Middle Eastern capital targets China's gaming industry

Saudi Arabia's Savvy Games Group steps up its Asia push with plans for major China investments.

At the 2025 Honor of Kings KPL Grand Finals. Photo courtesy of the interviewee.

At the 2025 Honor of Kings KPL Grand Finals. Photo courtesy of the interviewee.

by FAN Yicheng

Saudi Arabia's Savvy Games Group, owned by the kingdom's Public Investment Fund (PIF), is intensifying its search for major deals in China as it seeks to become the world’s largest gaming and esports company.

During the 2025 League of Legends World Championship in Chengdu, Prince Faisal bin Bandar, Savvy's vice chairman, and CEO Brian Ward attended the finals between T1 and KT. The visit followed meetings in Shanghai and Beijing with executives from Hero Esports, Savvy's Chinese portfolio company and a leading tournament operator.

"We had a very productive session on their business performance to date," Ward told Jiemian News, adding that the visit aims to reinforce partnerships and identify new opportunities in China.

Founded in 2021 and wholly owned by PIF, Savvy is executing the gaming component of Saudi Vision 2030, Crown Prince Mohammed bin Salman's national plan to diversify the economy beyond oil. In 2022 the government unveiled a US$38 billion program for game development, esports, infrastructure and talent training, with Savvy as its main operator.

The group has since bought or invested in major global assets: ESL and FACEIT in Europe for US$1.5 billion, later merged as ESL FACEIT Group (EFG); Scopely for US$4.9 billion in 2023 and Niantic's gaming unit—including Pokémon GO and Pikmin Bloom—for US$3.5 billion in 2025 in the United States. These deals made Savvy the world's second-largest mobile game publisher, after China's Tencent.

Ward said the global gaming industry's revenue is now roughly balanced between East and West but Savvy's Asian footprint remains limited. "China has lots of talent capable of making great games," he said. "It's where we can explore." The company is scouting leading studios in console and PC titles as well as core mobile games that are "geographically diverse in terms of the core audience". He said in a September interview that the company is seeking its next major deal—worth tens of billions of yuan—in China or elsewhere in the region but gave no further details.

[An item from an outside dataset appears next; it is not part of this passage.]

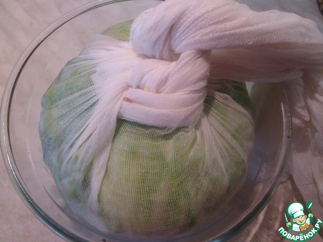 Положить марлю с капустой в глубокую миску.
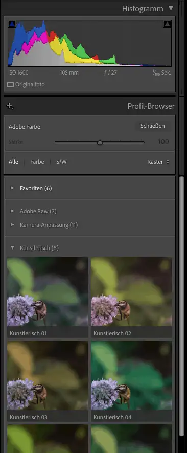 Seit einiger Zeit gibt es den Profil-Browser in den Grundeinstellungen im Entwicklungsmodul. Ein Klick auf die 4 kleinen Quadrate bringt ihn zum Vorschein - schön mit Vorschaubildern der Looks, von denen eine größere Anzahl zur Standard-Ausstattung von Lightroom Classic zählen. Hier kann man nicht nur das gewünschte Profile wählen, sondern auch dessen Intensität per Schieberegler justieren.

Prince Faisal bin Bandar(left), Savvy's vice chairman and Brian Ward (right), the company's CEO. Photo: Fan yicheng/Jiemian News

China has become a global game-development hub. Mobile hits like Honor of Kings and rising console titles such as Black Myth: Wukong have demonstrated China's growing creative strength. Ward added that Chinese developers have shown a unique ability to bring ancient history and mythology to life through games — a genre less common in the West but one that resonates in the Middle East.

Savvy entered China in 2023 with a 1.8 billion-yuan (US$250 million) investment for a 30% stake in Hero Esports, becoming its largest institutional shareholder. Headquartered in Shanghai, Hero runs major tournaments including the King Pro League for Honor of Kings, the Olympic Esports Week, and the esports events at the Hangzhou Asian Games.

This May, Hero hosted the Asia Champions League (ACL) in Shanghai, drawing more than 1,200 teams and 10,000 players—the largest esports event in Asia. Under its partnership with Savvy, 16 winning teams qualified directly for next year's Esports World Cup (EWC) in Riyadh. Ward described Hero as "a strong-performing investment," adding that China's esports market is more mature and offers lessons Savvy can replicate or adapt in Western markets.

Prince Faisal said Savvy sees China as a long-term strategic market and plans to expand beyond tournaments into tourism and game co-development. He said he hopes more Chinese teams and fans will travel to Riyadh for the next EWC — "as part of a tourism experience, not just a participation in the event."

Saudi Arabia has made gaming a key pillar of its economic diversification push under Vision 2030, aiming to foster 250 local gaming companies, create about 40,000 jobs and rank among the world's top three markets by the end of the decade. Savvy's partnership with Hero shows how Saudi capital and Chinese creativity could complement each other as the kingdom builds out its global gaming ambitions.

For Savvy, closer ties with China could make Asia its next growth engine and further establish Saudi Arabia as a rising hub in the global games industry.